▶ _Activity_
Give back each record precisely, pictures excluded.
___ The data
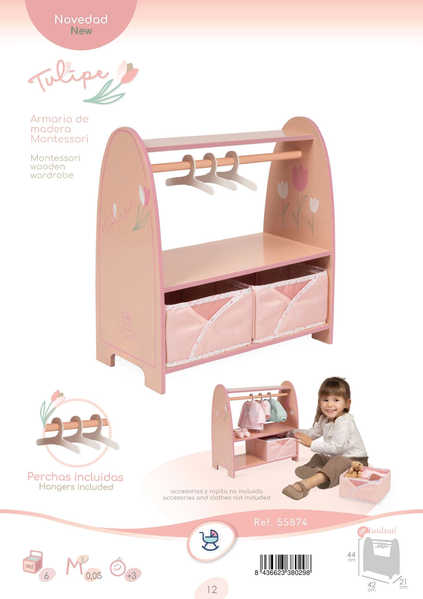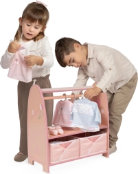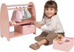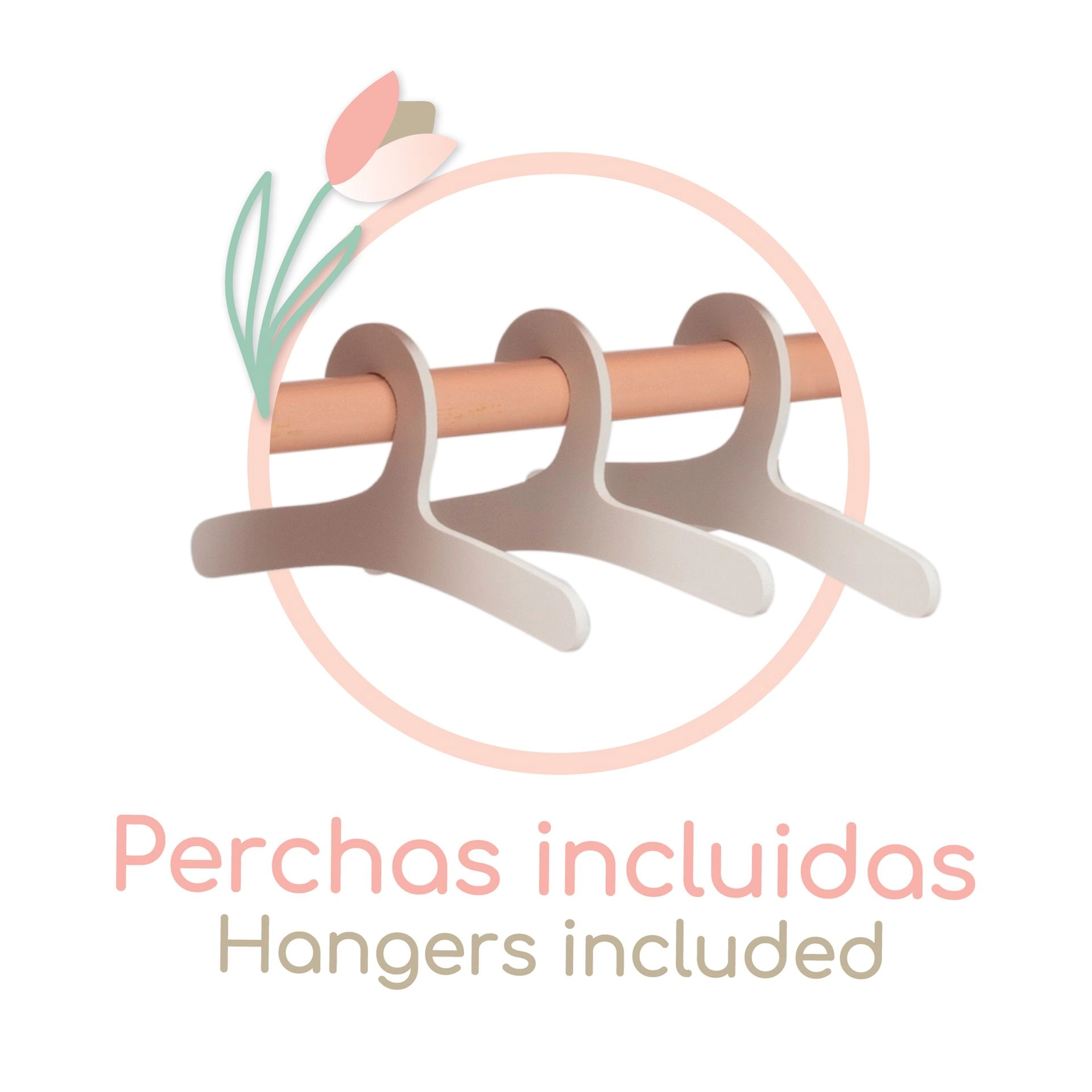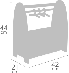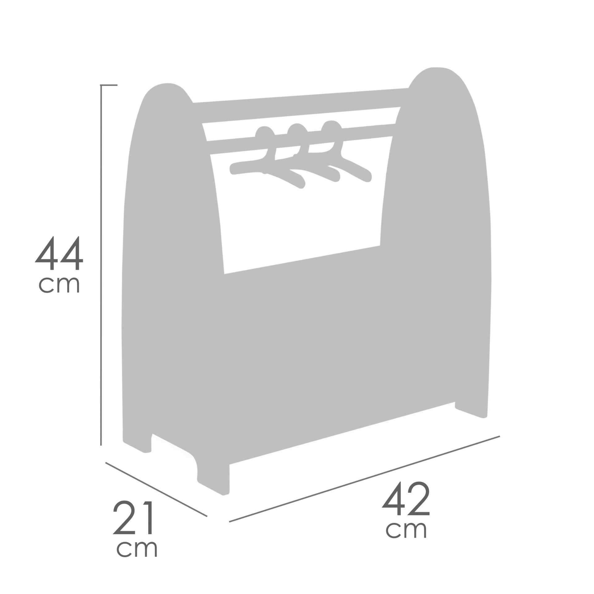 Προσφέρετε στα παιδιά τάξη στον κόσμο των κουκλών. Αυτή η compact ξύλινη κρεμάστρα-ντουλάπα από τη συλλογή TULIPE προσφέρει πρακτική λύση για κρέμασμα και αποθήκευση ρούχων και αξεσουάρ. Η μπάρα ντουλάπας με 3 ξύλινες κρεμάστρες χωρά ρουχαλάκια μήκους έως περίπου 19 cm, ενώ το κάτω ράφι και τα 2 πτυσσόμενα υφασμάτινα καλαθάκια κρατούν όλα τα υπόλοιπα εύκολα προσβάσιμα.
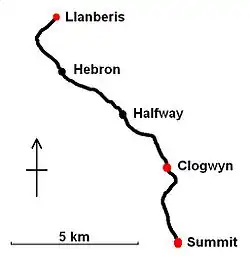 Halfway 53°05′44″N 4°05′46″W / 53.0956°N 4.0960°W / 53.0956; -4.0960 1,641 ft (500 m) As the name suggests, halfway along the line and close to the 'Halfway House' on the nearby footpath. A short distance above the station is a path that leads down to the Halfway House cafe.
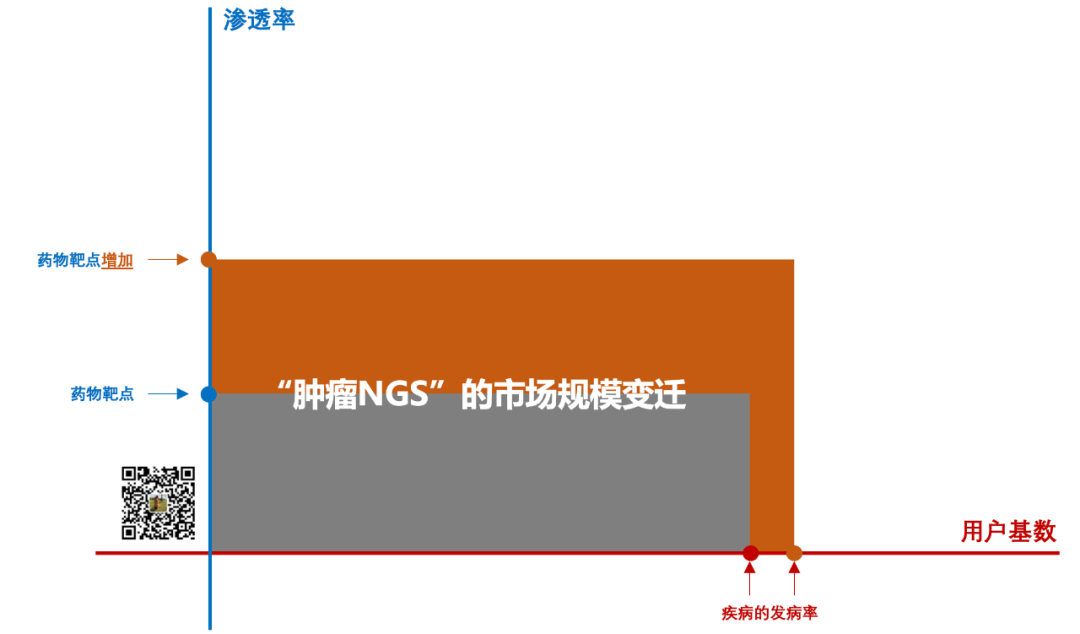 其价值在于去“提示”某种疾病,比如早筛/辅助诊断,或者跨界来看t/mNGS也是这一类。 这一类产品的检测市场规模是下面这个图: 其中横轴的“用户基数”与疾病的用户感知密切相关,纵轴的“渗透率”与疾病诊断的复杂程度紧密挂钩。
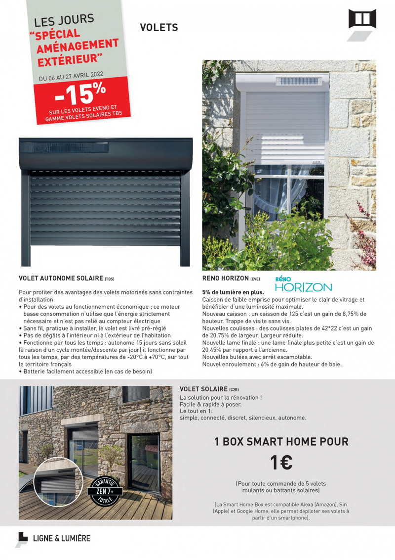 - Volets autonomes solaires, sans fil ou avec caisson de faible emprise. La Smart Home Box pour 1€ à partir de 4 motorisations ou de 4 précadres motorisés solaires C2R achetés.
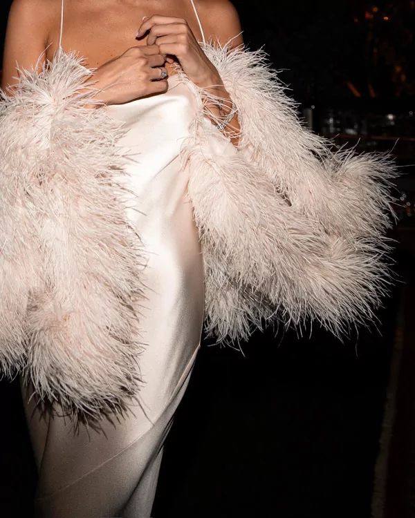 В нарядах это широкие плечи, платья с драпировкой, костюмы с чёткой линией и золотыми акцентами, декоративные детали вроде массивных пряжек, ремней и аксессуаров из перьев. Для невест это роскошные вечерние платья, многослойные ткани, блестящие вставки и прозрачные элементы.
______
▶ _Written solution_
 Προσφέρετε στα παιδιά τάξη στον κόσμο των κουκλών. Αυτή η compact ξύλινη κρεμάστρα-ντουλάπα από τη συλλογή TULIPE προσφέρει πρακτική λύση για κρέμασμα και αποθήκευση ρούχων και αξεσουάρ. Η μπάρα ντουλάπας με 3 ξύλινες κρεμάστρες χωρά ρουχαλάκια μήκους έως περίπου 19 cm, ενώ το κάτω ράφι και τα 2 πτυσσόμενα υφασμάτινα καλαθάκια κρατούν όλα τα υπόλοιπα εύκολα προσβάσιμα.
 Halfway 53°05′44″N 4°05′46″W / 53.0956°N 4.0960°W / 53.0956; -4.0960 1,641 ft (500 m) As the name suggests, halfway along the line and close to the 'Halfway House' on the nearby footpath. A short distance above the station is a path that leads down to the Halfway House cafe.
 其价值在于去“提示”某种疾病,比如早筛/辅助诊断,或者跨界来看t/mNGS也是这一类。 这一类产品的检测市场规模是下面这个图: 其中横轴的“用户基数”与疾病的用户感知密切相关,纵轴的“渗透率”与疾病诊断的复杂程度紧密挂钩。
 - Volets autonomes solaires, sans fil ou avec caisson de faible emprise. La Smart Home Box pour 1€ à partir de 4 motorisations ou de 4 précadres motorisés solaires C2R achetés.
 В нарядах это широкие плечи, платья с драпировкой, костюмы с чёткой линией и золотыми акцентами, декоративные детали вроде массивных пряжек, ремней и аксессуаров из перьев. Для невест это роскошные вечерние платья, многослойные ткани, блестящие вставки и прозрачные элементы.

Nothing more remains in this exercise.